JZ>Are there any electrical engineers out there that can explain this?
AC and DC have much different duty cycles. A better test would be to use an oscilloscope and see what the peak voltage is across the load. That will help you see the internal AC impedance of the source. Your meter is attempting to calculate an RMS value of the square wave DCC signal. This is different than pure DC.
Jeff

Jerry, The following from the NCE manual!
POWER REQUIREMENTS The Command Station and Power Station can be powered by the same transformer as long as the transformer is sized large enough. Recommended transformer: 16v at 6 amps or more.
The key wording here is "sized large enough". 16V at 6 amps means the PS should be able to deliver 16V loaded at 6 amps. If you are just powering a booster a supply of 5 amps will do!

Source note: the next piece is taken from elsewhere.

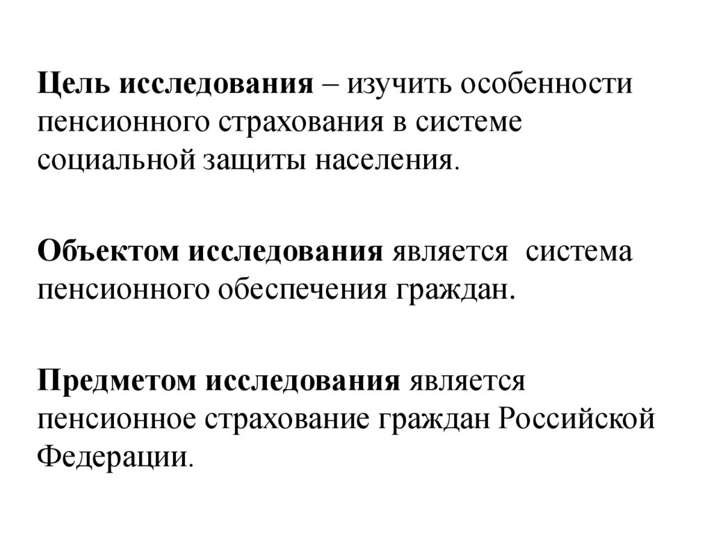 Цель исследования – изучить особенностипенсионного страхования в системе

Gentlemen, I am no E.E. but a would-be M.E. so I will step up to make a fool of myself (that always seems to Draw them out of the Woodwork). I wonder what the internal resistance of the power supply is. If your load is a fairly pure resistance (not a motor) then you are drawing about 4.8 amps at 12 v. If your power supply has an internal resistance around 0.8 ohms, then your voltage drop at 4.8 amps would be 0.8 * 4.8 or 3.75 v.
On the other hand, if your load is a motor, whose resistance is 2.5 ohms stopped, its resistance will go up considerably when it is turning, because it will be generating a back emf. It would then draw less current. Still, perhaps it still is the internal resistance of the power supply.
On the other other hand, these newfangled power supplies like to have some kind of IC regulators in them, which should keep the voltage from dropping so much with applied load.
I wonder if there is not some reactance going on somewhere, capacitance or inductance or something. Is your 12 gauge wire perhaps still on its spool... A DCC signal is most certainly AC, because it sure isn't DC. WILL SOME ELECTRICAL ENGINEER PLEASE SHUT ME UP? Cordially yours, Gerard P.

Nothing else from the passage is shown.